According to Krug’s first law of usability, the web-page should be obvious and self-explanatory. When you’re creating a site, your job is to get rid of the question marks — the decisions users need to make consciously, considering pros, cons and alternatives.

If the navigation and site architecture aren’t intuitive, the number of question marks grows and makes it harder for users to comprehend how the system works and how to get from point A to point B. A clear structure, moderate visual clues and easily recognizable links can help users to find their path to their aim.

Let’s take a look at an example. Beyondis.co.uk claims to be “beyond channels, beyond products, beyond distribution”. What does it mean? Since users tend to explore web-sites according to the “F”-pattern, these three statements would be the first elements users will see on the page once it is loaded.

Although the design itself is simple and intuitive, to understand what the page is about the user needs to search for the answer. This is what an unnecessary question mark is. It’s designer’s task to make sure that the number of question marks is close to 0. The visual explanation is placed on the right hand side. Just exchanging both blocks would increase usability.

ExpressionEngine uses the very same structure like Beyondis, but avoids unnecessary question marks. Furthermore, the slogan becomes functional as users are provided with options to try the service and download the free version.

By reducing cognitive load you make it easier for visitors to grasp the idea behind the system. Once you’ve achieved this, you can communicate why the system is useful and how users can benefit from it. People won’t use your web site if they can’t find their way around it.


2. Don’t squander users’ patience

In every project when you are going to offer your visitors some service or tool, try to keep your user requirements minimal. The less action is required from users to test a service, the more likely a random visitor is to actually try it out. First-time visitors are willing to play with the service, not filling long web forms for an account they might never use in the future. Let users explore the site and discover your services without forcing them into sharing private data. It’s not reasonable to force users to enter an email address to test the feature.

As Ryan Singer — the developer of the 37Signals team — states, users would probably be eager to provide an email address if they were asked for it after they’d seen the feature work, so they had some idea of what they were going to get in return.

Stikkit is a perfect example for a user-friendly service which requires almost nothing from the visitor which is unobtrusive and comforting. And that’s what you want your users to feel on your web site.

Apparently, Mite requires more. However the registration can be done in less than 30 seconds — as the form has horizontal orientation, the user doesn’t even need to scroll the page.

Ideally remove all barriers, don’t require subscriptions or registrations first. A user registration alone is enough of an impediment to user navigation to cut down on incoming traffic.


3. Manage to focus users’ attention

As web-sites provide both static and dynamic content, some aspects of the user interface attract attention more than others do. Obviously, images are more eye-catching than the text — just as the sentences marked as bold are more attractive than plain text.

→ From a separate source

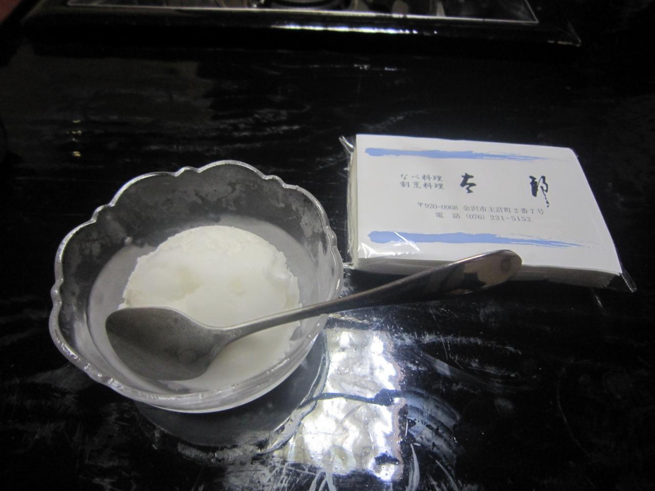デザートのシャーベット。ティッシュを貰いました。
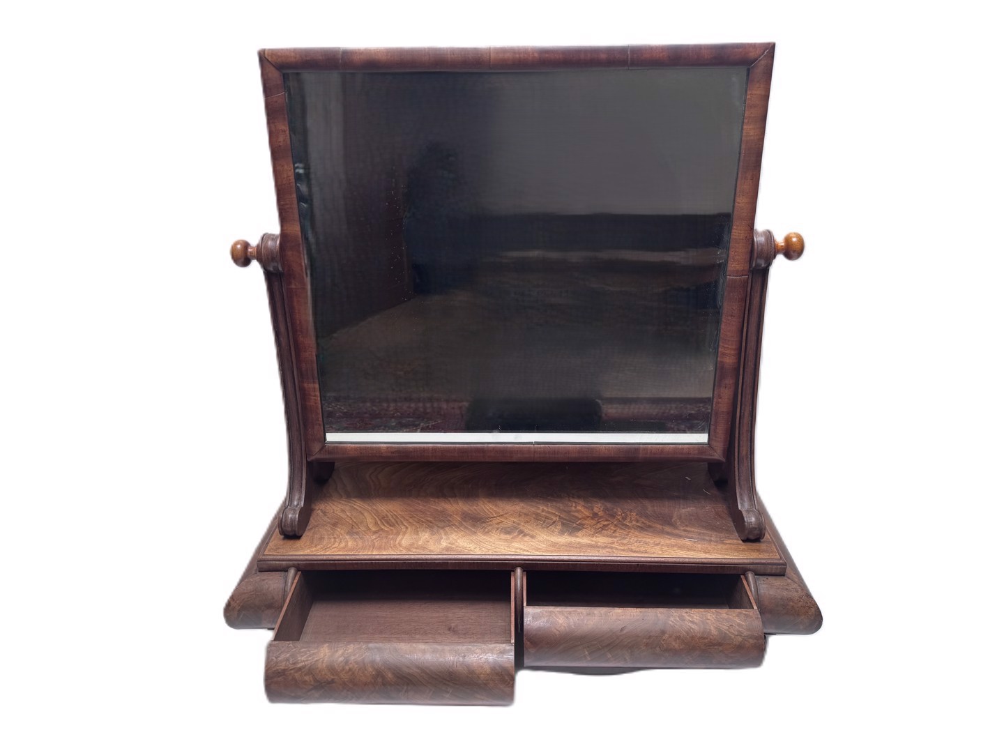 Engelse spiegel-psyché circa 1880 in mahoniehout afm. h. 70 x b. 68 x d. 28 cm.

The human eye is a highly non-linear device, and web-users can instantly recognize edges, patterns and motions. This is why video-based advertisements are extremely annoying and distracting, but from the marketing perspective they perfectly do the job of capturing users’ attention.

Humanized.com perfectly uses the principle of focus. The only element which is directly visible to the users is the word “free” which works attractive and appealing, but still calm and purely informative. Subtle hints provide users with enough information of how to find more about the “free” product.

Focusing users’ attention to specific areas of the site with a moderate use of visual elements can help your visitors to get from point A to point B without thinking of how it actually is supposed to be done. The less question marks visitors have, the better sense of orientation they have and the more trust they can develop towards the company the site represents. In other words: the less thinking needs to happen behind the scenes, the better is the user experience which is the aim of usability in the first place.


4. Strive for feature exposure

Modern web designs are usually criticized due to their approach of guiding users with visually appealing 1-2-3-done-steps, large buttons with visual effects etc. But from the design perspective these elements actually aren’t a bad thing. On the contrary, such guidelines are extremely effective as they lead the visitors through the site content in a very simple and user-friendly way.

Dibusoft.com combines visual appeal with clear site structure. The site has 9 main navigation options which are visible at the first glance. The choice of colors might be too light, though.

Letting the user see clearly what functions are available is a fundamental principle of successful user interface design. It doesn’t really matter how this is achieved. What matters is that the content is well-understood and visitors feel comfortable with the way they interact with the system.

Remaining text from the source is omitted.